At a median follow-up of 13.5 months, the median progression-free survival (PFS) was not yet reached in the Darzalex arm versus 18.4 months with Revlimid /dexamethasone alone. The overall response rate (ORR) was 92.9 percent versus 76.4 percent, respectively. The very good partial response (VGPR) or better rate was 75.8 percent with Darzalex versus 44.2 percent in the control arm. The complete response (CR) rates were 43.1 percent and 19.2 percent, respectively.

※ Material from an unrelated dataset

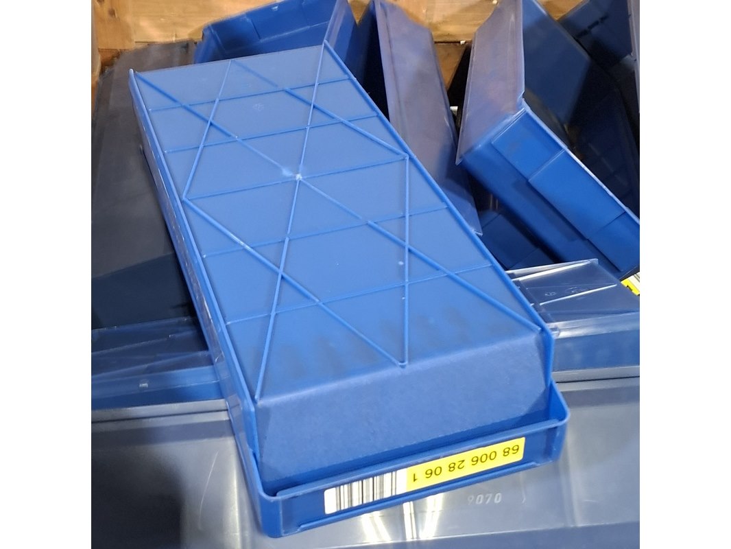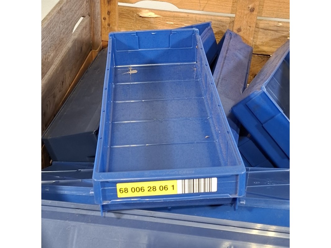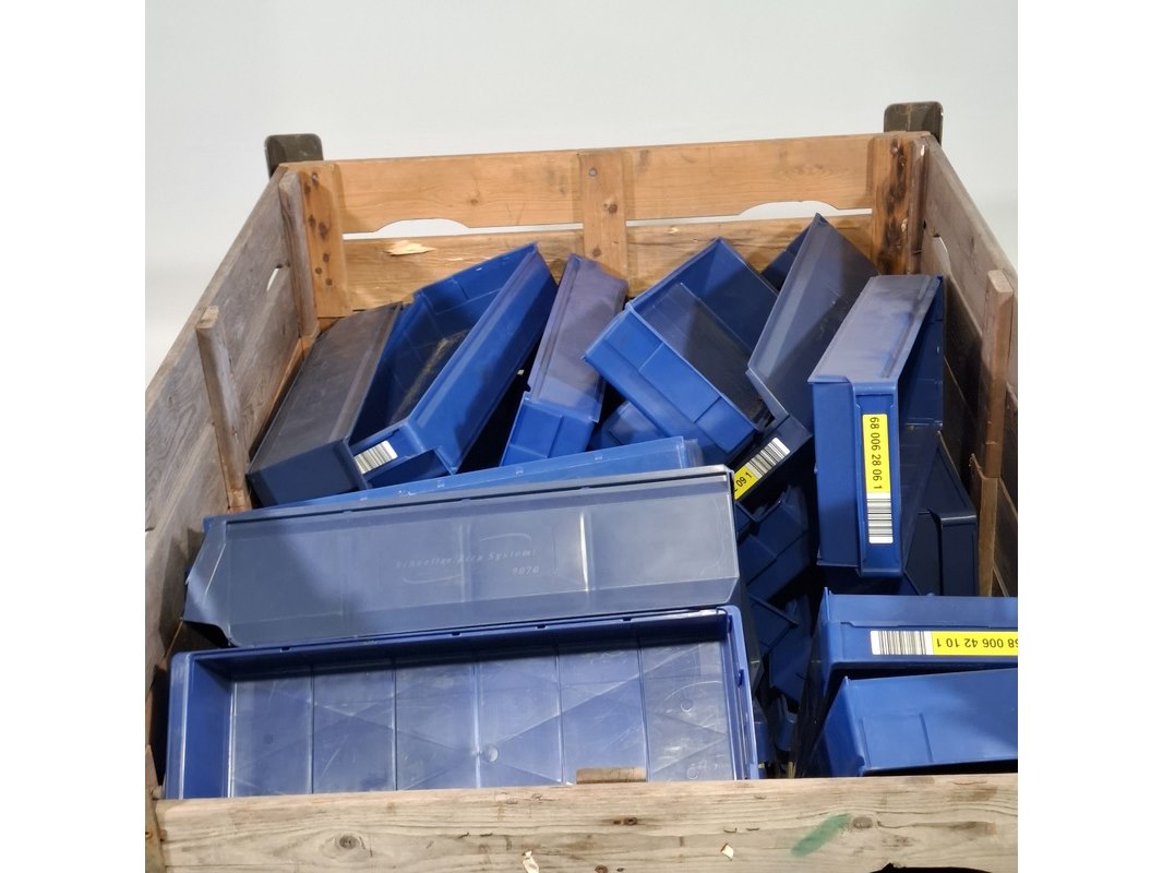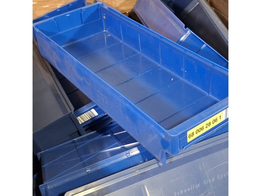 Merk: o.a. Schoeller Arca System Product: Partij magazijnbakken Afmeting: o.a. lxbxh ca. 60x23x10 cm Conditie: gebruikt Specificaties: Diverse soorten. Exclusief palletkist.

The CASTOR study randomized 498 patients with relapsed or refractory multiple myeloma to Velcade and dexamethasone alone (247 patients) or with Darzalex (251 patients). Patients had received a median of two prior lines of therapy. Overall, 66 percent had received prior Velcade, 76 percent received a prior immunomodulatory drug (IMiD) and 48 percent had received prior proteasome inhibitors and IMiD.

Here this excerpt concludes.